In my opinion, catches is a little bit hard to use. Rather, I usually use PatternGuard. The following example defines the Break exception as well as EarlyReturn:

{-# LANGUAGE PatternGuards #-}

data Break = Break deriving (Eq, Show)
instance Exception Break

handled_action2 :: IO ()
handled_action2 = your_action `catch` handler
  where
    handler :: SomeException -> IO ()
    handler se
        | Just Break <- fromException se = return ()
        | Just EarlyReturn <- fromException se = return ()
        -- Print it for debugging
        | otherwise = print se

The super data type, SomeException is defined as follows:

{-# LANGUAGE ExistentialQuantification #-}

data SomeException = forall e . Exception e => SomeException e

The constructor SomeException is a kind of container which can contain several types and provides a single type, SomeException. The following example converts IOError and ErrorCall to SomeException:

ghci> import Control.Exception

ghci> :type userError "foo"
userError "foo" :: IOError
ghci> :type SomeException (userError "foo")
SomeException (userError "foo") :: SomeException

ghci> :type ErrorCall "bar"
ErrorCall "bar" :: ErrorCall
ghci> :type SomeException (ErrorCall "bar")
SomeException (ErrorCall "bar") :: SomeException

fromException returns Just if SomeException contains an expected exception type. Otherwise, it returns Nothing:

ghci> let se = SomeException $ ErrorCall "bar"
ghci> fromException se :: Maybe ErrorCall
Just bar
ghci> fromException se :: Maybe IOError 
Nothing

A downside of SomeException is that asynchronous exceptions are caught as well as synchronous exceptions. This could introduce nasty bugs. We will resolve this issue according to rule 3 later.

Asynchronous exceptions

If your code acquires a resource, it must be released after your job. The following is an example of unsafe code to obtain a resource:

unsafe_action_with_resource = do
   x <- acquire_resource
   use x
   release_resource x

If use receives an asynchronous exception, x is not released, thus leaked. To prevent this resource leak, you should use bracket:

bracket :: IO a -> (a -> IO b) -> (a -> IO c) -> IO c

The example can be convert into asynchronous-exception-safe code with bracket:

safe_action_with_resource = bracket acquire_resource release_resource use

Some people (including me) misunderstand/misunderstood that asynchronous exceptions are not delivered into the resource release clause. But this is not quit right.

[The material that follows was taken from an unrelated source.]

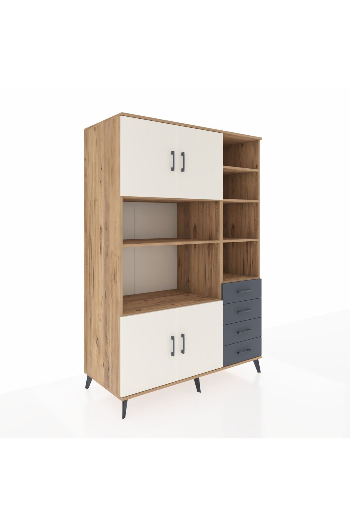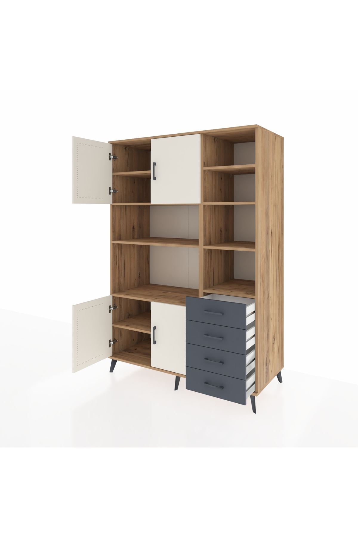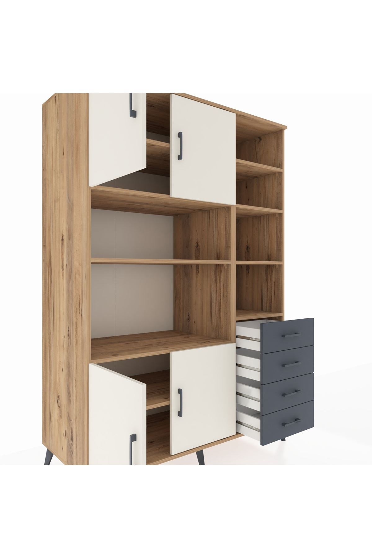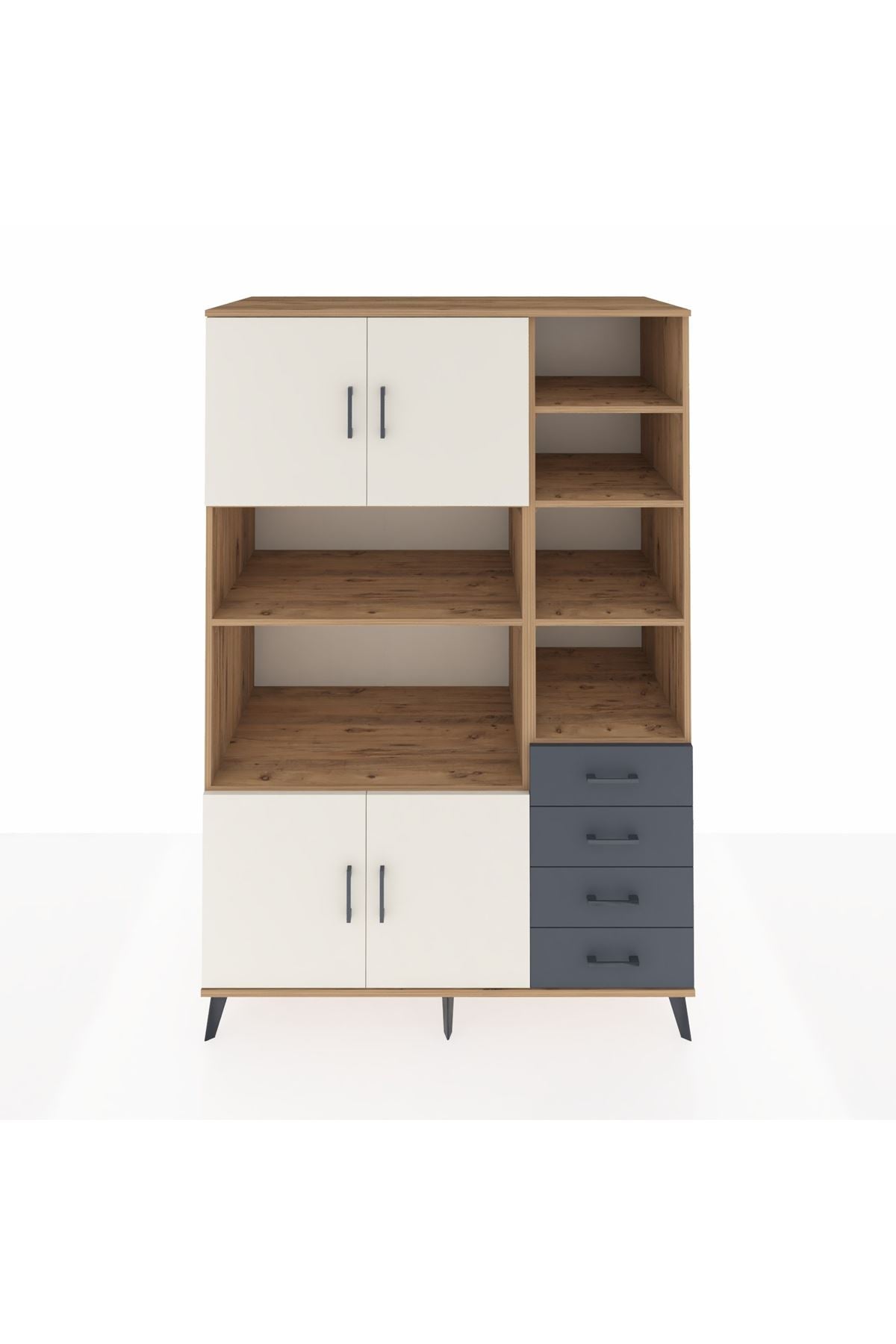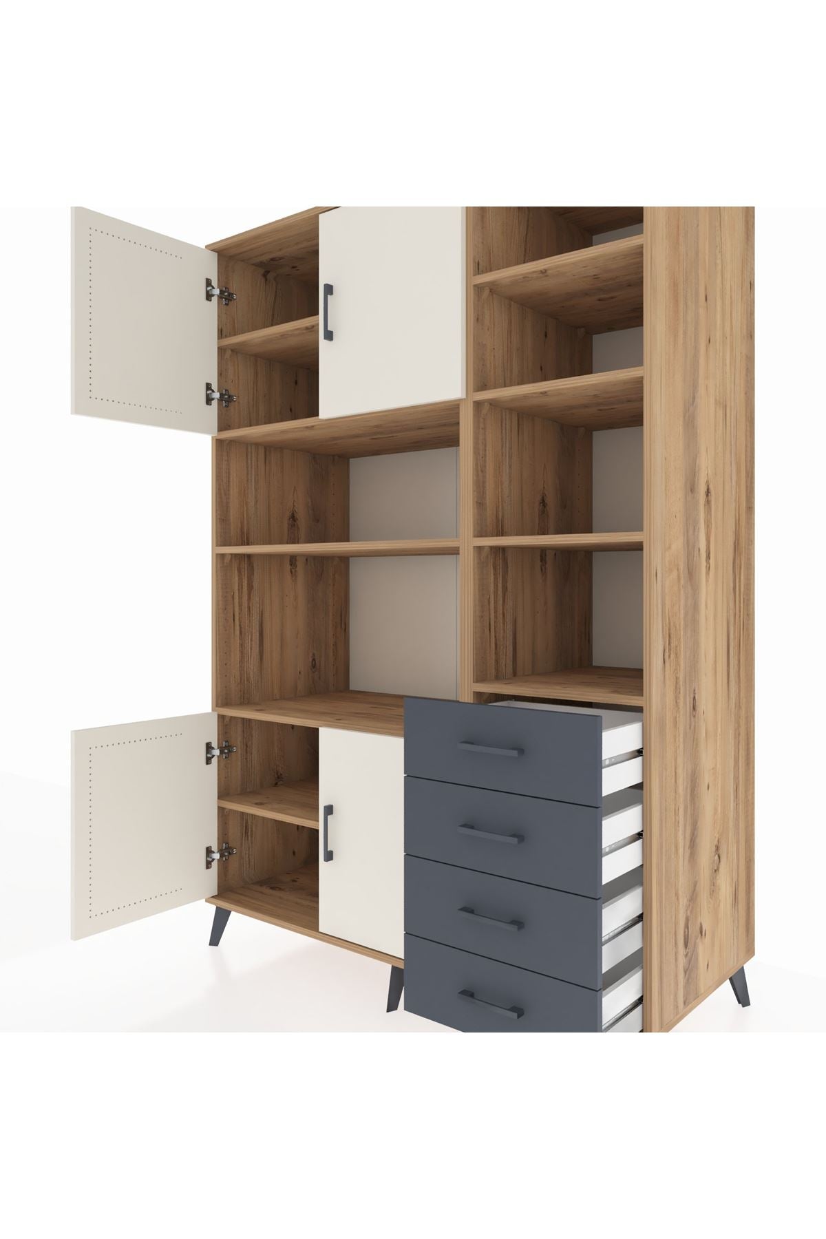 Kronos Dolap 9 Raflı 4 Çekmeceli 4 Kapaklı 132x59x195 Çam-Aytaşı/Antrasit

Consider the following situation:

You run a program in Haskell in a terminal
Your program is blocked in the resource release clause of bracket.
You type Control-C to stop the program on the terminal.

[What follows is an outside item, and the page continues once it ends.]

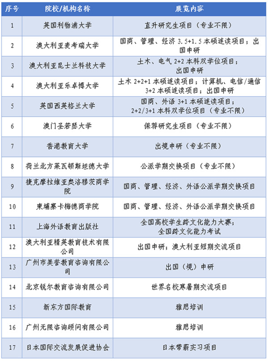 此外,合作院校與新東方國際教育、北京銳爾教育咨詢有限公司等多所機(jī)構(gòu)還舉辦了專場宣講會,為同學(xué)們介紹雅思培訓(xùn)、世界名校寒暑期交流、海外帶薪實習(xí)等項目,為學(xué)生鋪就多元發(fā)展的國際化道路。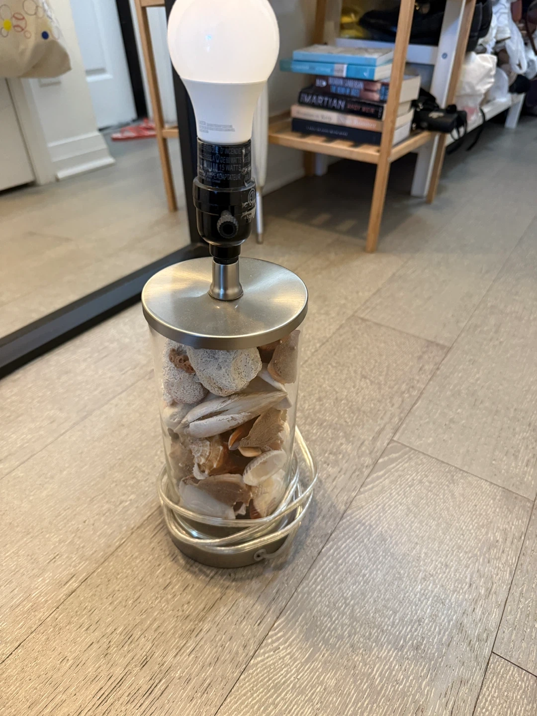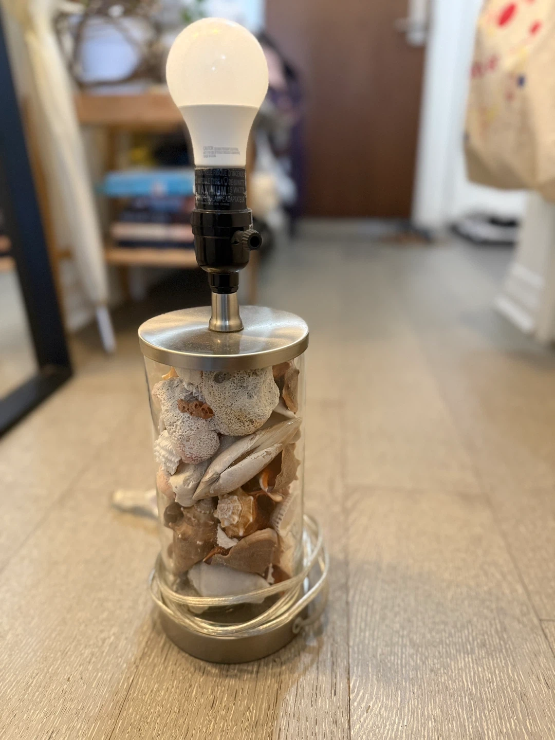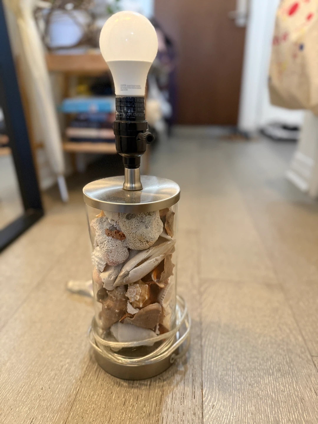Selling a cute table lamp filled with seashells! It adds a beachy vibe to any room. The lamp is in great condition and ready to brighten up your space

Control-C is an asynchronous exception (in particular UserInterrupt :: AsyncException). If this asynchronous exception is not delivered to the resource release clause, you cannot stop your program.

But Control.Exception is well-defined. Blocking actions such as takeMVar is interruptible by asynchronous exceptions. In other words, non blocking code cannot be interrupted by asynchronous exceptions in the clause. As you will see later, timeout is defined with an asynchronous exception. You can use even timeout in the resource release clause. This is a crucial point to implement graceful-closing of network connections as it is used in the resource release clause typically.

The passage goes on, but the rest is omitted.